Bref, la droite est à terre, affaiblie, déboussolée et fracturée. C’est tout l’enjeu du congrès des Républicains, en décembre : se reconstruire, refonder un projet, redéfinir une stratégie. Trois candidats briguent cette responsabilité. La filloniste Florence Portelli, le juppéiste Maël de Calan et le président de la région Auvergne-Rhône-Alpes, Laurent Wauquiez. Sans faire injure aux deux premiers, ce dernier semble assuré de l’emporter. Il a pour lui l’expérience, une solide implantation chez les militants, une ambition à toute épreuve et une indifférence manifeste aux animosités qu’il suscite chez ses « amis ».
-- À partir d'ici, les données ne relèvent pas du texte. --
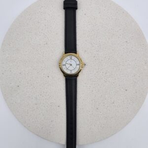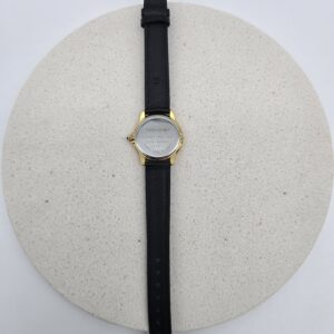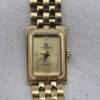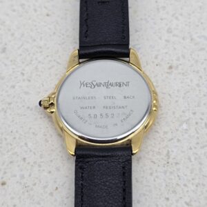 YVES SAINT LAURNET – zegarek vintage na czarnym pasku, złota koperta

Pour quoi faire ? Il le martèle depuis des semaines et l’a répété, le 25 octobre, à Mandelieu-la-Napoule (Alpes-Maritimes), lors de son premier meeting de campagne : il entend incarner, demain, une droite qui « ne s’excuse plus » de l’être, une droite décomplexée qui « s’émancipe » enfin de la « pensée de gauche » supposée dominante et qui réaffirme fièrement ses valeurs. C’est-à-dire « les valeurs centrales de la France », « ce vieux pays si émouvant » qu’il préfère « au triste village global qui n’est que la vitrine déshumanisée d’un monde sans racine ». Contre la « trahison des élites » et face à un Emmanuel Macron prêt, selon lui, « à ce que, pour réussir, la France se renie », Laurent Wauquiez entend donc défendre « l’identité » de la France, menacée par les flux migratoires, le multiculturalisme, le communautarisme, le salafisme… et un « assistanat » généralisé qui mine notre modèle social.
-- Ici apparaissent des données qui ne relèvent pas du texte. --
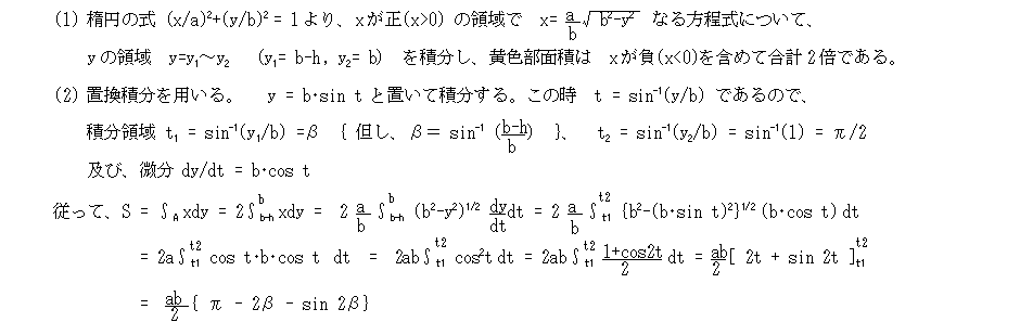 同様にして、 y = b・sin t による置換積分にて、

Ce discours soulève deux questions. La première est qu’il n’est pas nouveau. C’est celui que tenait déjà le Nicolas Sarkozy de 2012, ressassé ensuite à l’identique par Jean-François Copé, puis repris, à sa manière, par François Fillon. A chaque fois, il a conduit à l’échec, car il définit une droite rabougrie, coupée d’une bonne partie de ses composantes libérales et ouvertes sur le monde, l’Europe et la modernité.

La seconde question est tout aussi embarrassante pour M. Wauquiez. Il jure, la main sur le cœur, qu’il ne fera jamais alliance avec le Front national (FN). Dont acte. Mais, en reprenant ses thèmes de prédilection et, souvent mot pour mot, son vocabulaire, jusqu’à la rhétorique des « racines » chère à l’extrême droite, il engage une démarche dont l’unique objectif semble être de reconquérir les électeurs de droite qui, préférant l’original à la copie, ont rejoint le FN.

On voit mal comment cette stratégie défensive, étriquée et, au sens strict du terme, réactionnaire pourrait permettre à la droite d’offrir, demain, une alternative crédible aux Français.